Anyway, this is all a rambling way of saying: the noise this band makes is great. While it lacks the feral, sex pest attack of their demo CD (ask for it at gigs, they’re nice people), the debut Torso EP (released by utterly brill label The Lows And The Highs) crawls over a lot of ground, and stretches thrills to unsettling levels. Take ‘Moth’ f’rinstance, squatting in the middle of the EP like a bleeding Sumo: snatches of Japanese TV queasily tape manipulated, sped into flickering keyboards before making way for quiet guitar ooze that barely leaves the amps, while sparse percussion ticks like a lonely clock. It’s got a little of Wolf Eyes’s down-tempo dread, and is creepy as fuck. Opener ‘The Inside House Is The Outside House’ is more live performance HNT, scythed chunks of guitar crashing into splattercore drumming, screams compressed into harsh static. It’s the onstage dynamic of matched powers trying to catch each other out, skronk guitar meeting, er, skronk drums, and locking together into twisted, fleshy shapes. Equally tasty is closing track ‘Do As Andrew Does’, more noise wreckage alternating with head-collapsed-on-keyboard-low-end-guff sections. It’s playful, like child murderers.

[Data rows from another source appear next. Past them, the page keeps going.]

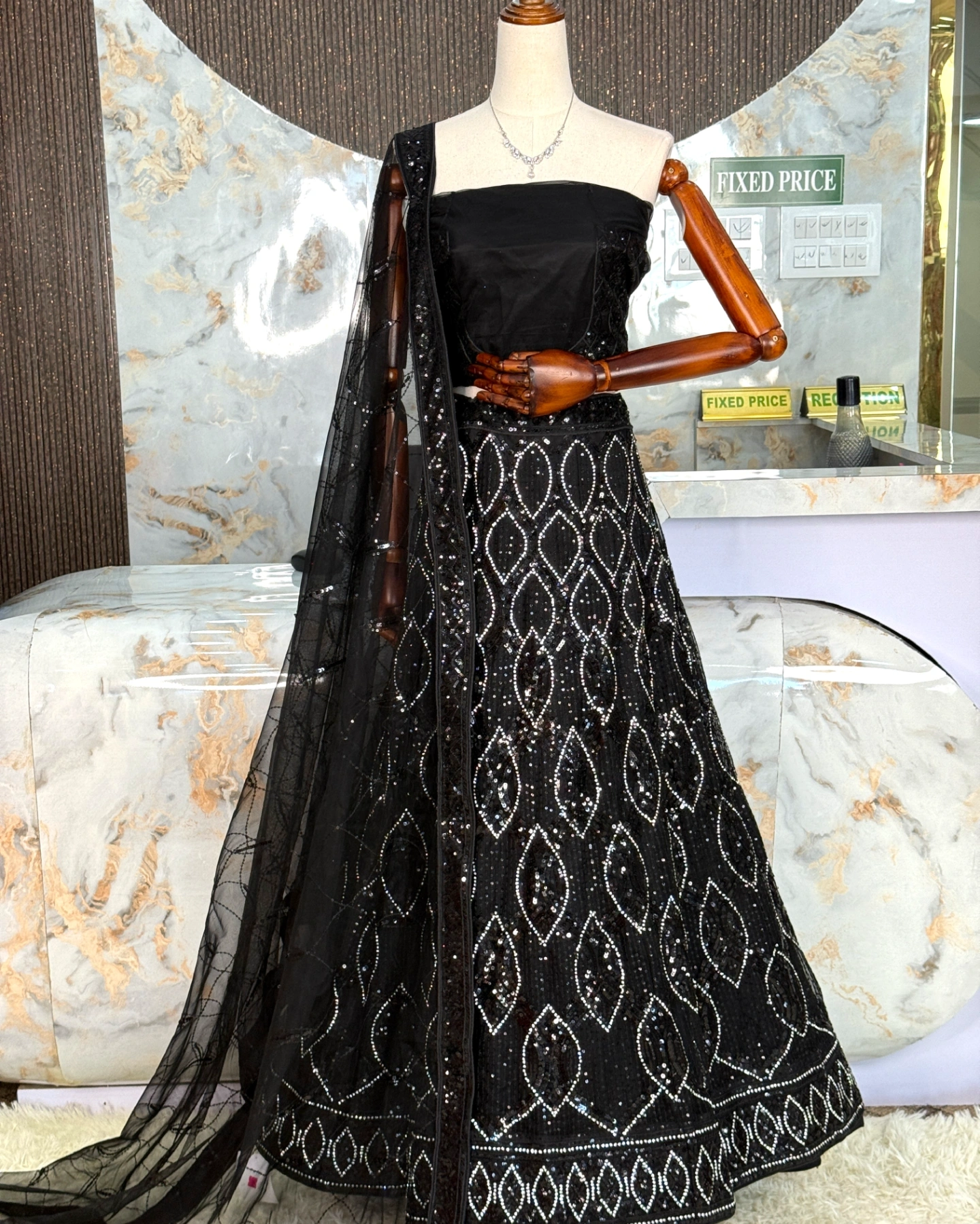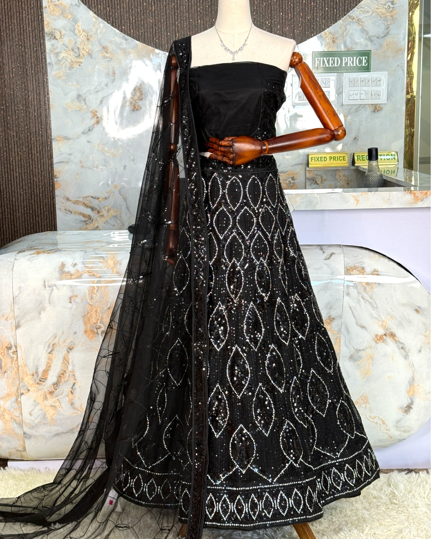 Product Name: Elegant Black Sequin Designer Semi-Stitched Lehenga Set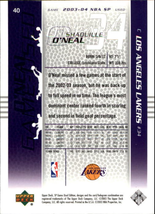2003-04 SP Game Used #40 Shaquille O'Neal - BSK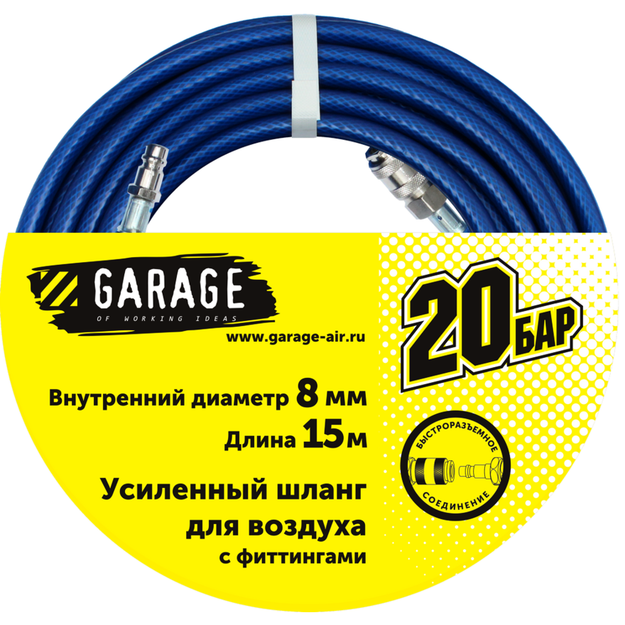 Шланг Garage 8144990 служит удлинителем между компрессором и рабочим инструментом. Достаточная длина оснастки позволяет осуществлять работы на нужном расстоянии от компрессора.

So, five tracks in total, all rewarding repeated listens. There’s a grubby, wretched tone that’s perversely enjoyable, and hides much sonic strangeness and black humour (check ‘Baby Florist”s weird backwards scuttling or ‘Brutal Devastation”s airy, dancing, brutally crushed keyboard intro). Whether you find sticking your hand in a bucket of slugs a good or bad prospect is kind of irrelevant: ‘Afrikaans’ is a limited edition, beautifully packaged, bilious treat, and squirms in all the right places.

http://hisnakedtorso.bandcamp.com

http://thelowsandthehighs.co.uk/

(Oh, and remember I said The Lows And The Highs are utterly brill? In the same package as the above was the latest (last?) release from The Failed NASA Experiment, the musical exploration vehicle of TLATH head honcho Murray Ward. ‘Between Staying And Leaving’  charts the gradual destruction of an acoustic guitar, strung out over eight characteristically fantastic sections of warped and gorgeous sound meddling, as Murray prepares to up sticks from Cardiff to Nottingham. It’s yet another dive into deep and wonderful waters. So long amigo)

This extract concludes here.